DR Options in Greenplum Env

posted Apr 28, 2017, 4:07 PM by Sachchida Ojha
The first solution is a data domain appliance at the primary site, with an identical data domain box at the second site. Primary site backup kicks off, and 10 minutes after this is finished (or 1 hour after it starts, whichever comes first - these are the dd defaults) the first dd box starts to send/sync to the second site. The second site needs some kind of GP instance available to restore to. This can be a second dca (in which case it's often used for dev and test) or can be repurposed x86's, or could be VM based and optionally could be VMs on demand in a cloud based scenario, which really makes the cost of DR very small. It depends on how the customer wants to do it. In the event of a failure at the primary site, the offsite dd backup is used to restore to its local GP instance. Customer flips the ip addresses and the DW is up. If backups are overnight, the DW has lost up to one day of data but this is acceptable to most organisations. 

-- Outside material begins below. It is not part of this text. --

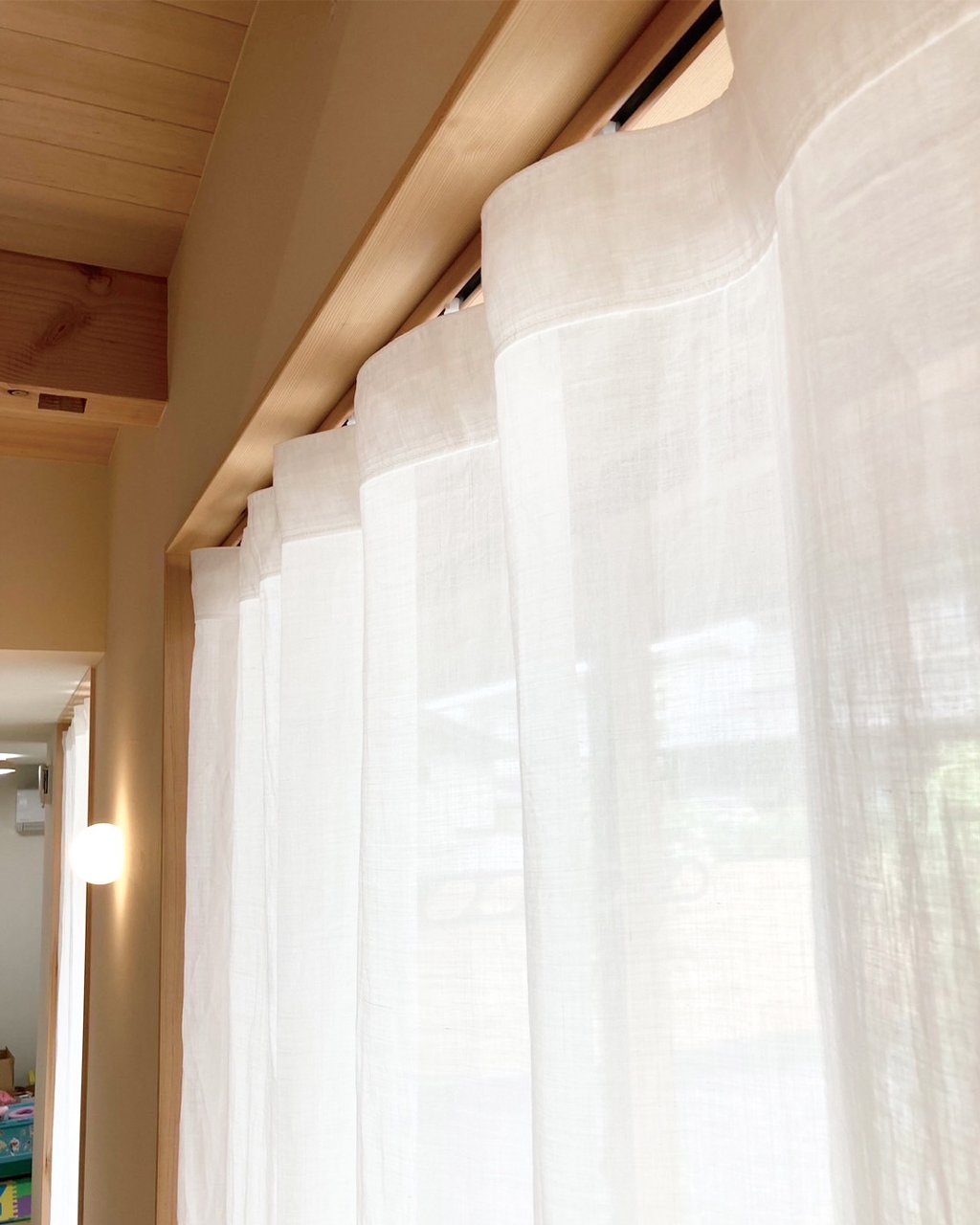 スタイルは天井付けのフラットスタイル(1.3倍)です。フラットスタイルとはヒダを作らず生地のゆとりで凹凸を作るスタイルです。木材に囲まれたインテリアなどナチュラルで優しい雰囲気を醸し出します。

The second option uses SQLfire to create a true active active DW across two sites. This is like dualload etl but is actually simpler and more elegant. A SQL fire instance is needed at both sites (these are cheap - two servers each or even better a new DIA each). Data writes go to the primary site/instance and are replicated to the second SQL fire instance, sub-second. (Note there is a synchronous and an a-synchronous mode, you'll need to talk with your local gemfire/SQLfire expert to get a download on the nuances.) Both SQLfire instances write to their respective local GP instances, and then either GP box can be queried by the end user (in the simplest scenario it would be different groups of users hitting their nearest GP box). Ideally you would put a load balancing server in the middle to distribute queries and to provide seamless HA, but I'm not sure if or how this is done.